Exactly eight years ago on December 25, 2015, I was among the few Pakistanis that was thrilled at Indian Prime Minister Narendra Modi’s visit to Lahore. That visit, at that time, represented the prospect for the two countries to engage as relative equals in terms of sovereign autonomy. India was just coming to terms with what a right-wing Hindu supremacist leader was going to do as the country’s chief executive. Pakistan was winning a devastating war against terror and the economy looked like it would really start to grow.

It is not hard to imagine a positive trajectory for the two countries that were engaged with each other in some manner of diplomatic and economic negotiation. We don’t know what that trajectory may have looked like, but as an optimist, I am willing to concede that it may have been very different from how things ensued.

Just how different? For starters, Pakistan may have been spared its grey-listing at the FATF. Additionally, it may have faced a different kind of posture from the United States and its allies in Afghanistan – one that did not start and end with those countries saddling Pakistan with the blame for their failed (at that time) decade and a half of war in Afghanistan.

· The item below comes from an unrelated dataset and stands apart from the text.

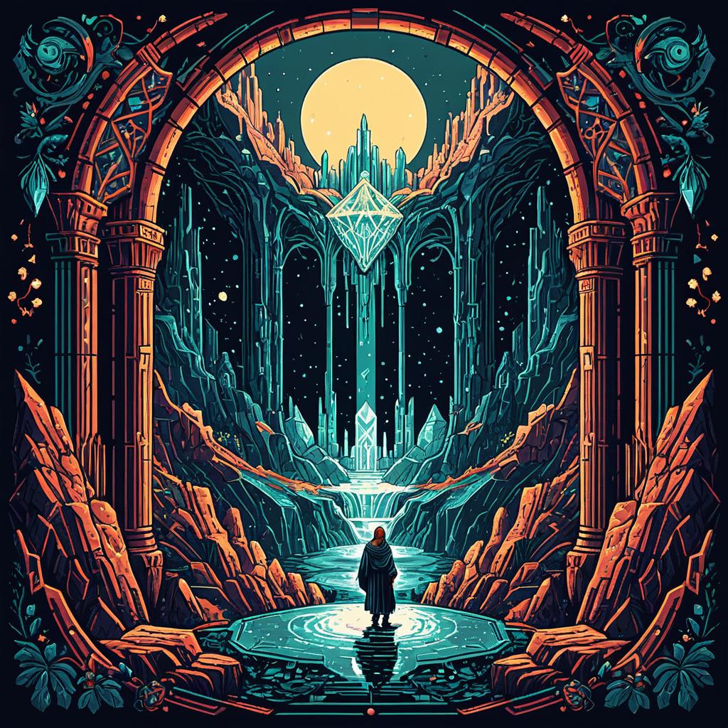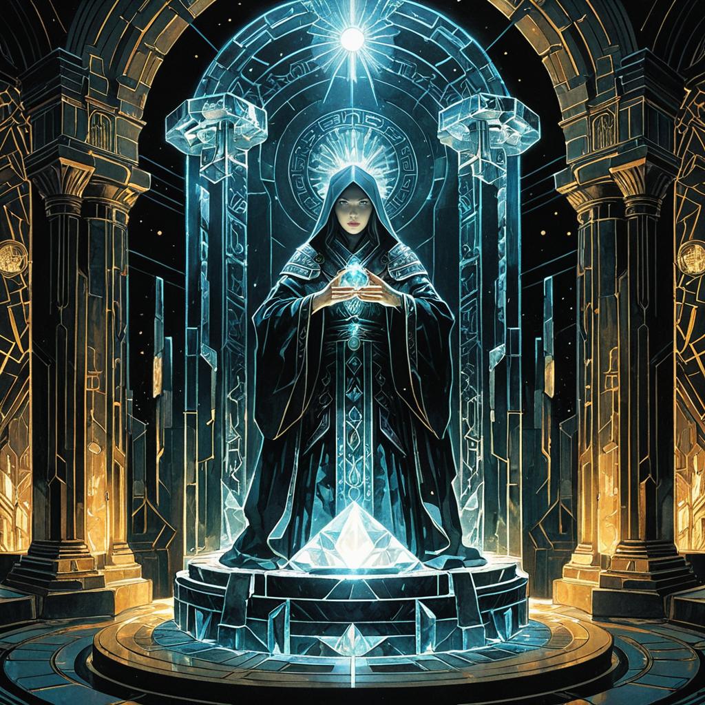 A young seeress stands at the glowing entrance of ancient ruins surrounded by towering stone pillars adorned with runic markings. Above, a luminous astral symbol hovers amid a cosmic, star-filled haze, creating a mystical and calm atmosphere. The scene is rendered in a style reminiscent of Studio Ghibli, emphasizing magical and enchanted elements with soft lighting and vibrant colors.

It certainly would also have been a very different set of circumstances that then-Prime Minister Nawaz Sharif would have faced. The openly hostile attitude of the military, peaking with the so-called Dawn Leaks fiasco of October 2016, may have gone differently. So much else may have been different thereafter, including the Supreme Court decision that unseated the then PM in late July of 2017. This is largely where there is objectively good reason for peaceniks in Pakistan to be sour – until about mid to late 2017. The problem is that history does not start or end where we would like it to. It is a continuum. How we choose to read history is our prerogative, but the facts don’t change to suit our preferences.

As strongly pro-normalization as I am, it is hard for me to ignore the explicit and unapologetic posture of India’s leaders since 2016. Pakistan has held India responsible for financing and supporting terrorists attacking Pakistan throughout this period, but there are other indicators that are much more obvious.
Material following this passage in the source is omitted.